Spoon the broth over your cauliflower and get every nook and cranny filled with buttery-brothy-herby goodness! Do you see my measly attempt at dried rosemary in the broth? It was still totally delish 🙂
All that’s left to do is to slide your dish into your preheated oven for about 15-20 minutes. I recommend spooning your broth over the cauliflower about 2-3 times during the whole cook time. You will be glad you did when you get a crisp outside and a perfectly tender inside!
An optional step, if you want more crispness on the outside, is to turn on the broiler during the last 3-4 minutes (or so).
When your roast is ready, just pull it out of the oven, spoon over some more broth, and cut and serve and dazzle all of your dinner table guests! …or, just your kids!
Look how wonderful it looks when you cut into it!
Such beautiful golden color! When you are finished serving, be sure to save the broth! This yummy goodness can be used as the base for a fantastic and quick lunchtime soup, make a gravy out of it for another occasion, use it for anything!
If you don’t think you’ll need it right now, just freeze it for another time!
This is one of those dishes that is fantastic served at a gathering with people who aren’t vegan because they will be so wowed that they’ll have to try it! And once they do, they will love it and you can tell them it’s vegan! Am I the only one that gets weird joy out of surprising people with that info? Hah.

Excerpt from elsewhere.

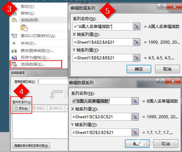 (3)在绘图区内右键【选择数据】【添加】编辑数据系列。

Anyway, you guys are the best, I hope that you pick up a nice head of cauliflower next time you are at the store and give this recipe a try! And when you do please, please, please don’t forget to come back and rate this recipe!
Also if you just happen to plain like this recipe, give us a a like, a share, or a comment! We love hearing from you!

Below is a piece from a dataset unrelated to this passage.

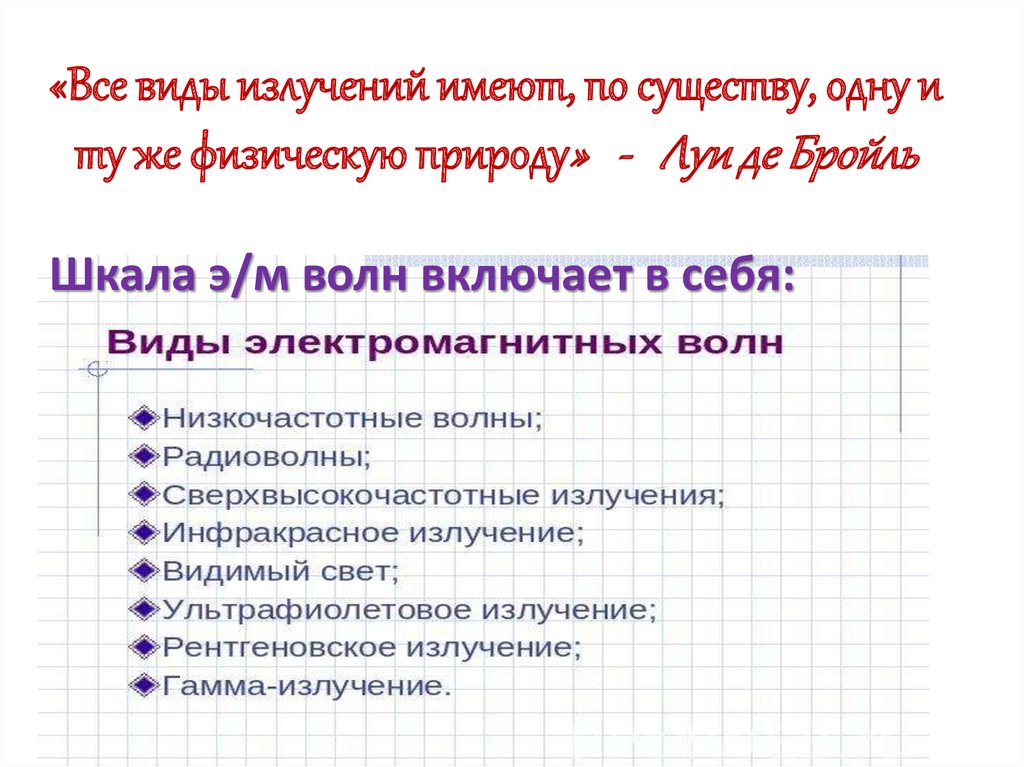 «Все виды излучений имеют, по существу, одну иту же физическую природу» - Луи де Бройль

Elegant Whole Roasted Cauliflower in Rosemary Butter Broth
- 1 head of cauliflower
- 2 c. your favorite vegetable broth
- 1-2 sprigs fresh rosemary
- 2 bay leaves
- 2 tbsp. vegan butter like Earth Balance
Remove all the green stuff from a head of cauliflower and cut some of the stem off so that your veg sits flat. Careful not to cut int the florets, causing them to fall apart!

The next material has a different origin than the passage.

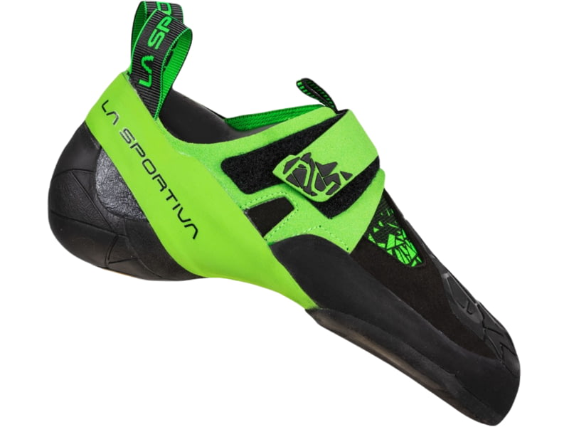 La Sportiva Skwama Vegan Climbing Shoes - Men's Black/Flash Green 44 ZFCS032-K00E24-44. Still ensuring precision and performance the Skwama Vegan features include the P3 rand designed to minimize stretch an S-Heel construction for secure heel hooks...  Read more

Place your cauliflower stem side down in a large pot that you can cover with a lid. Add in 2 cups of your favorite vegetable broth. To this, add in 2 whole bay leaves and your fresh rosemary. Cover and bring to a boil.
Reduce your heat to a medium-high simmer and cook for about 10 minutes. You cauliflower should still be firm, but starting to cook. Yum.
Transfer your roast and the broth into a baking dish at least 3 inches deep. To your broth, add in your vegan butter. Spoon the buttery broth over your roast.
Place your dish, uncovered, in your preheated oven for about 15-20 minutes. I recommend spooning your broth over the cauliflower about 2-3 times during the whole cook time.
If you want more crispness on the outside, turn on the broiler during the last 3-4 minutes (or so).
Remove from oven carefully. Serve immediately and wow everyone at the table!
The broth can and should be reserved for ANYTHING. Use as a base for a quick lunch soup, make a gravy, or marinade out of it. Anything at all. Don't let that goodness go to waste!